Des fonctionnaires… la première fois qu'on m'a sommé de l'être, c'était il y a presque dix ans, pour me reprocher une liberté de parole… j'étais tombé de cul. Naïvement, je pensais que j'étais beaucoup plus qu'un fonctionnaire, beaucoup plus, beaucoup mieux, en étant un "militant de l'école".

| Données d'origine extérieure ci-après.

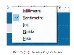 Boyutlandırmada, kullanılmak istenen uzunluk ölçüsüyle uyumlu olacak şekilde cetveller kullanılabilir. Formlarda aşağıdaki seçeneklerde verilen hangi uzunluk ölçüsü bulunmaz?
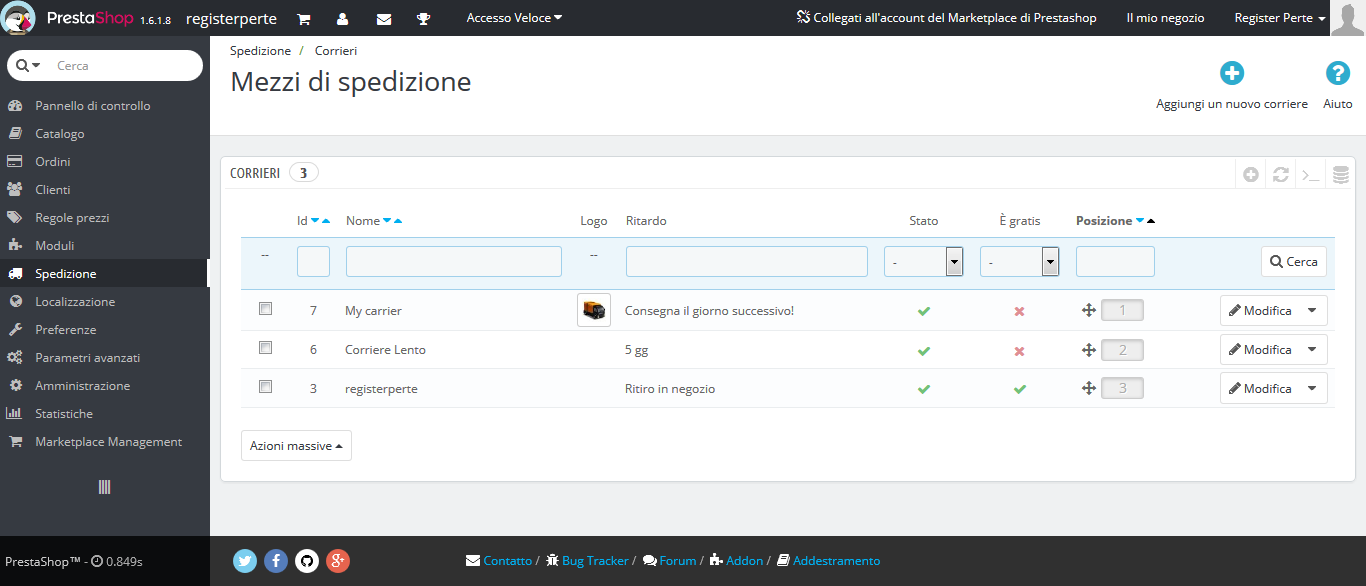 lennaz Posted November 8, 2016 Share Posted November 8, 2016 Ho configurato 3 metodi di spedizione per prestashop (1.6.1.8) - Ritiro in negozio - Gratuito - Corriere Rapido - 5 eur- Corriere Normale - 2 eur Sono abilitati per la nazione e per il gruppo con cui sto facendo il test; al quarto step del checkout (quello della scelta del corriere) mi viene mostrato solo un corriere; il corriere e' solo il primo in base all'ordinamento scelto in spedizione -> Preferenze e non c'e' possbilità di passare da un corriere all'altro. E' la prima volta che mi succede una cosa del genere, prestashop e' stato appena installato, non ci sono moduli particolari qualche idea? Link to comment Share on other sites More sharing options...

On commençait à changer d'époque, sans doute… et c'était sous la gauche.

Pour la première fois, un directeur d’école est convoqué en Commission Administrative Paritaire Départementale (CAPD), le 3 février à Grenoble, avec à l’ordre du jour le retrait de son emploi de direction pour son opposition à Base élèves. Un grand  rassemblement en soutien à Jean-Yves Le Gall a eu lieu ce jeudi 29 janvier à 13 heures devant l’Insection académique de l’Isère, dans la foulée de la manifestation nationale.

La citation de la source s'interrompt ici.